## Work instructions
Keep the pictures out. Write out every line of the listing exactly.

## Supplied material
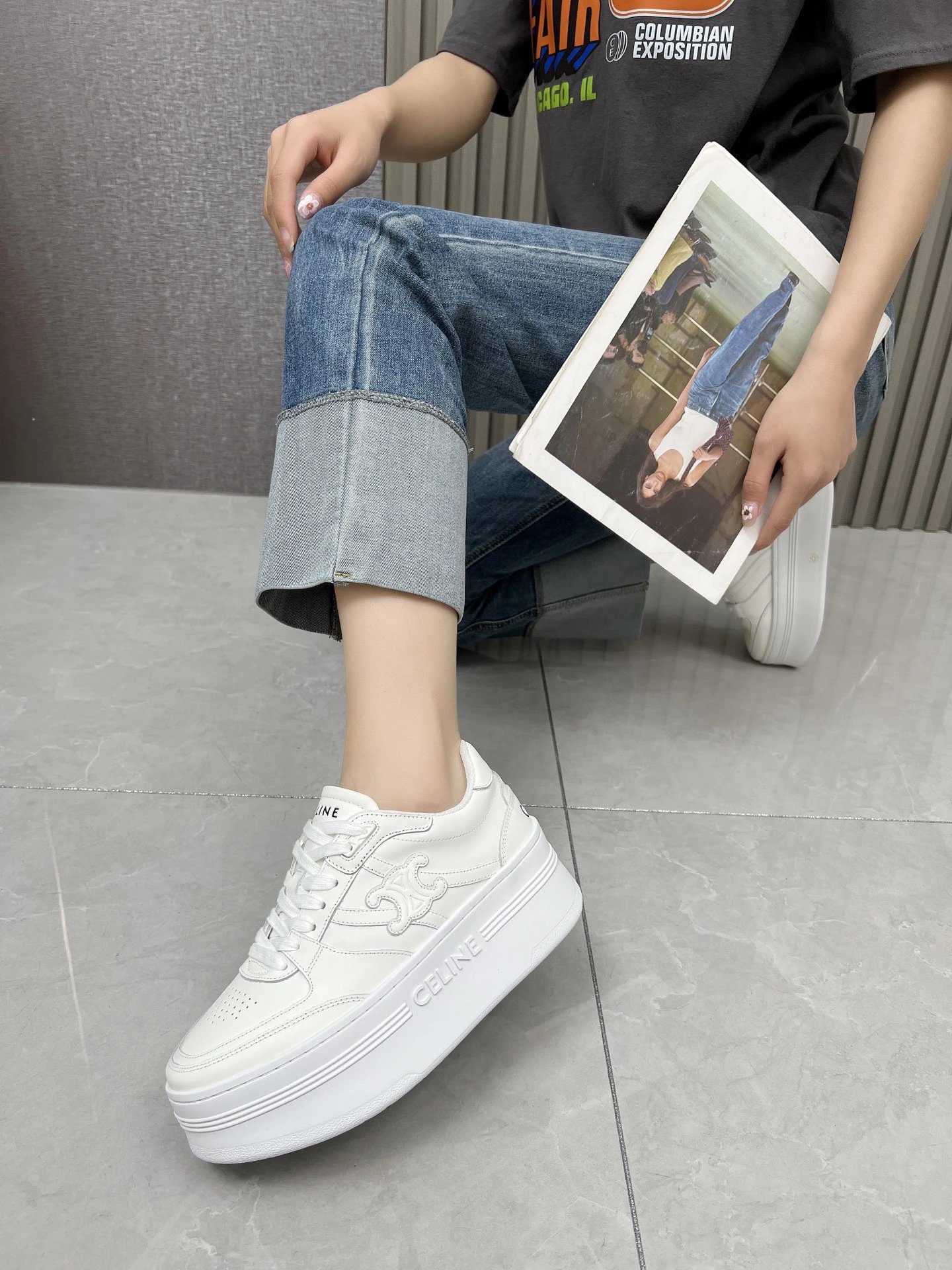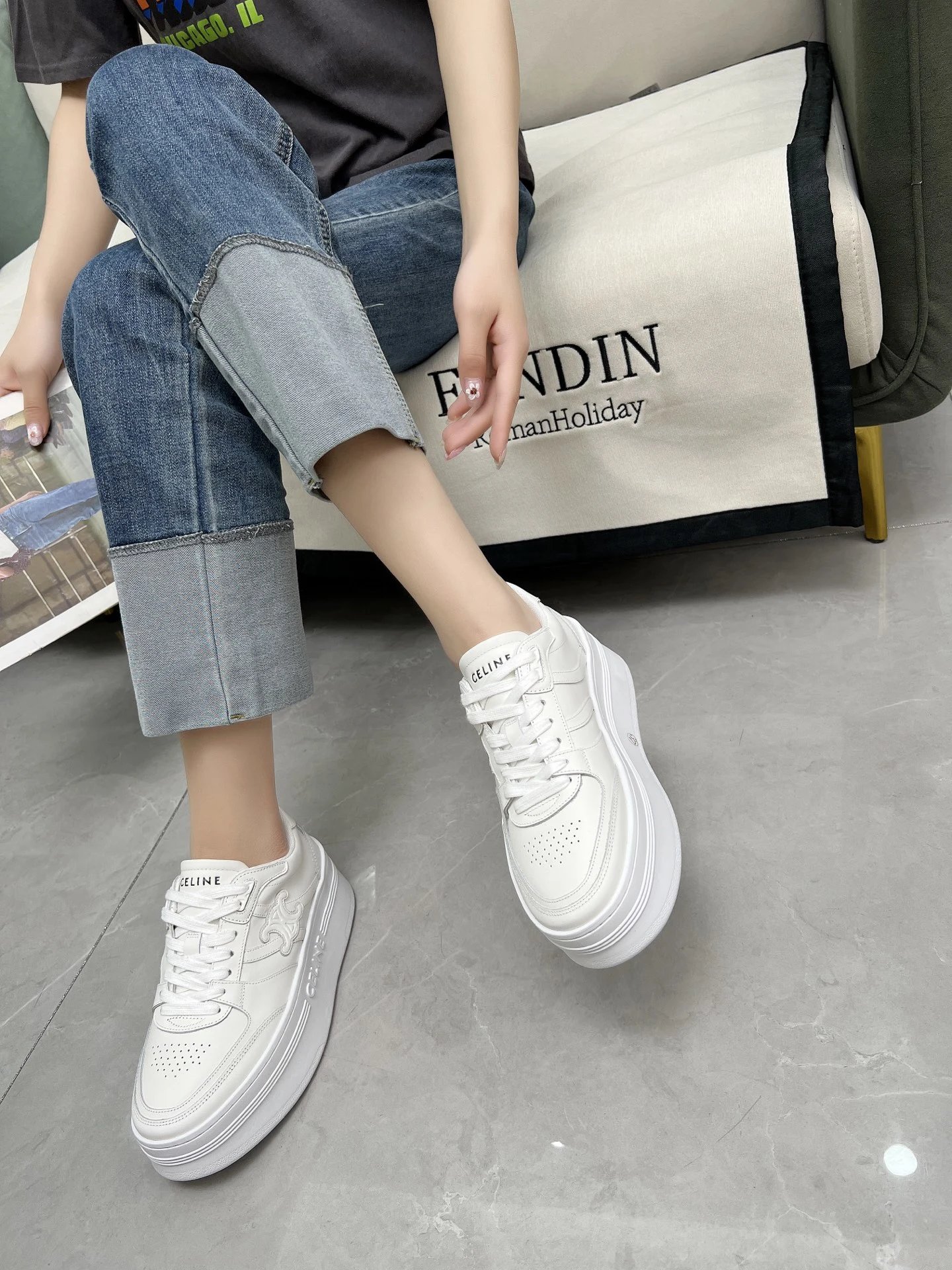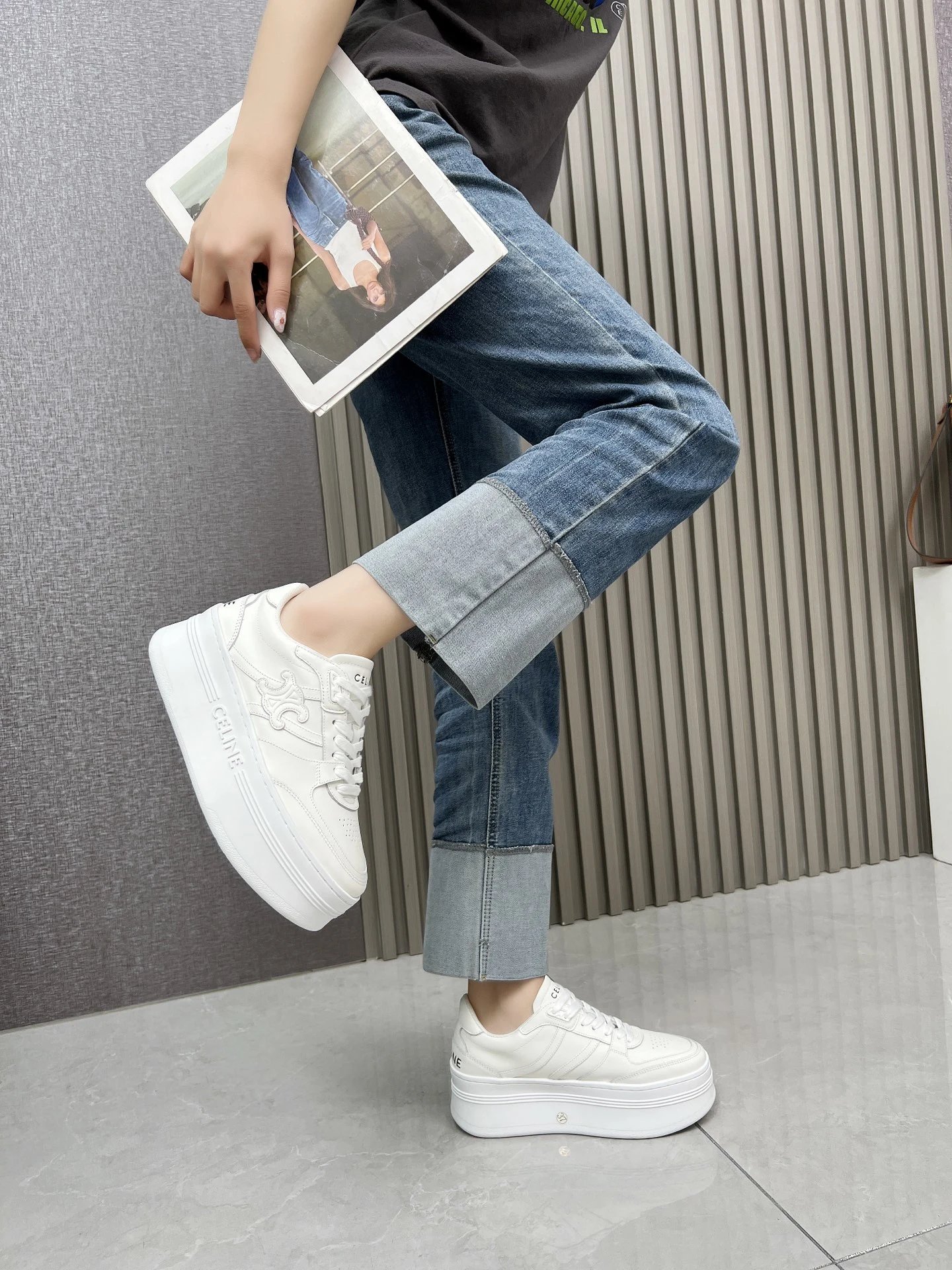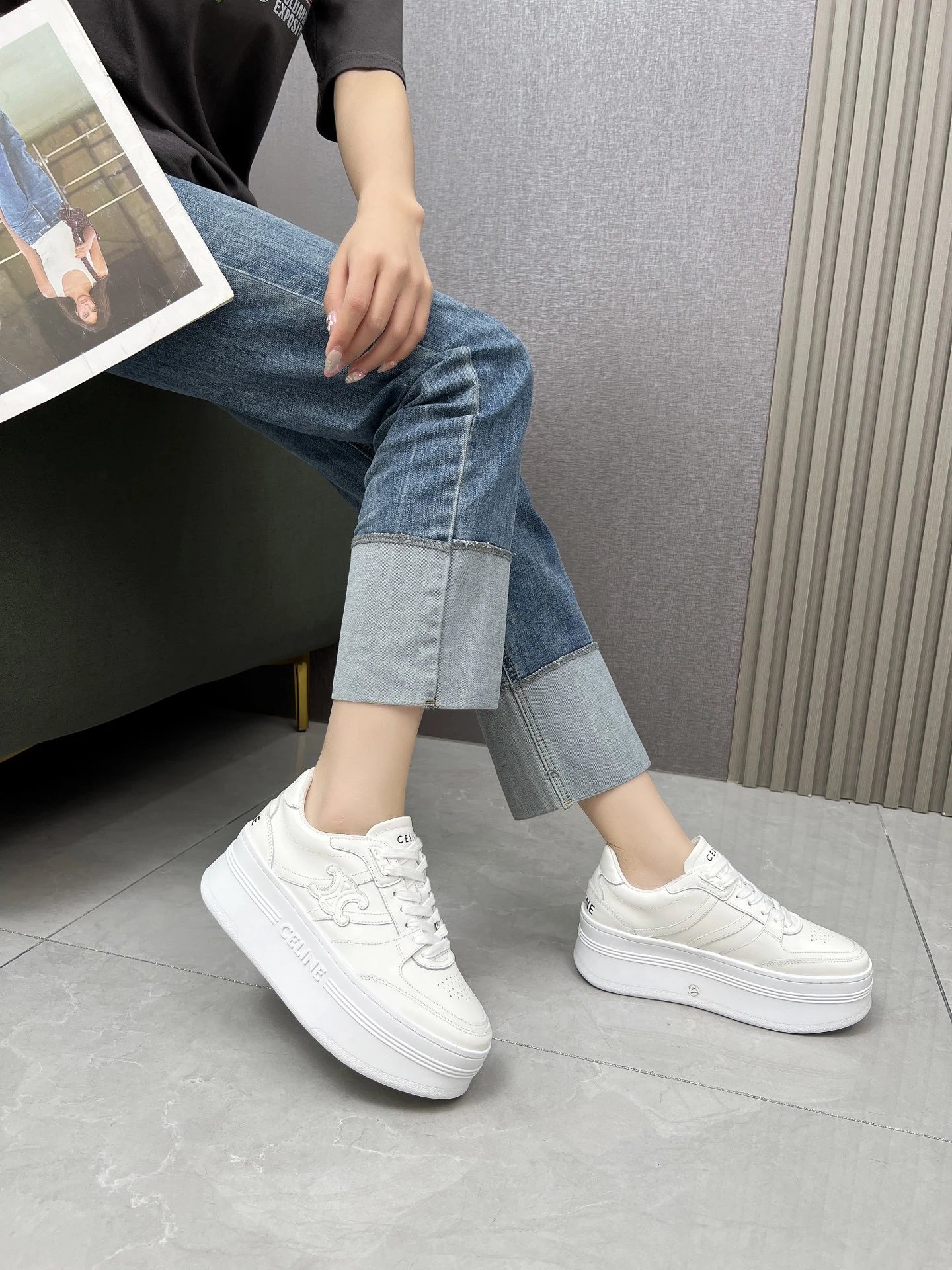 CELINE CT11 Spring Summer Triomphe Logo Casual Sneakers blend softness & edginess with minimalist design, perfect for daily wear—simple, versatile, lightweight & comfortable.
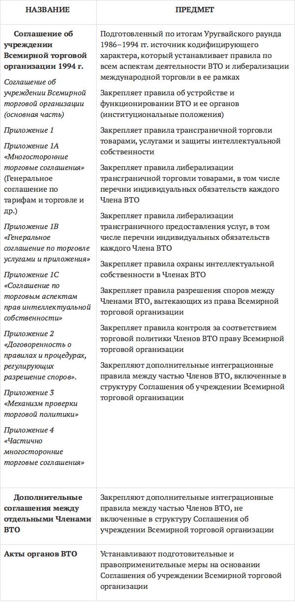 По общему правилу, закрепленному в основной части Соглашения об учреждении ВТО (ст. II «Сфера деятельности»), данное Соглашение, включая приложения к нему, образуют единый источник права, нормы которого распространяются на всех Членов организации. Соответственно, любое государство, вступающее в ВТО, с момент вступления становится участником и ГАТТ, и ГАТС, и ТРИПС, а равно других указанных выше соглашений и договоренностей. Указанное правило в западной правовой доктрине получило название принципа единого обязательства50 или единого соглашения51 Членов ВТО.
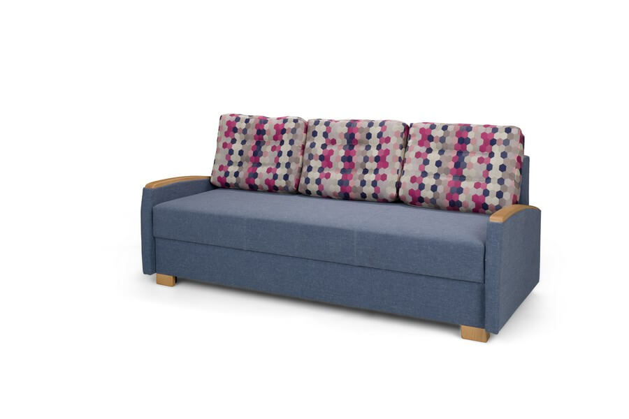 Wersalka MAX XVI to wygodna i elegancka kanapa z funkcją spania oraz pojemnikiem na pościel. W kolekcji dostępna jest również wersja z fotelami. Charakterystycznym elementem tej kanapy są drewniane wykończenia boków, które dodają meblowi stylowego wykończenia.

## Response to this exercise
 CELINE CT11 Spring Summer Triomphe Logo Casual Sneakers blend softness & edginess with minimalist design, perfect for daily wear—simple, versatile, lightweight & comfortable.
 По общему правилу, закрепленному в основной части Соглашения об учреждении ВТО (ст. II «Сфера деятельности»), данное Соглашение, включая приложения к нему, образуют единый источник права, нормы которого распространяются на всех Членов организации. Соответственно, любое государство, вступающее в ВТО, с момент вступления становится участником и ГАТТ, и ГАТС, и ТРИПС, а равно других указанных выше соглашений и договоренностей. Указанное правило в западной правовой доктрине получило название принципа единого обязательства50 или единого соглашения51 Членов ВТО.
 Wersalka MAX XVI to wygodna i elegancka kanapa z funkcją spania oraz pojemnikiem na pościel. W kolekcji dostępna jest również wersja z fotelami. Charakterystycznym elementem tej kanapy są drewniane wykończenia boków, które dodają meblowi stylowego wykończenia.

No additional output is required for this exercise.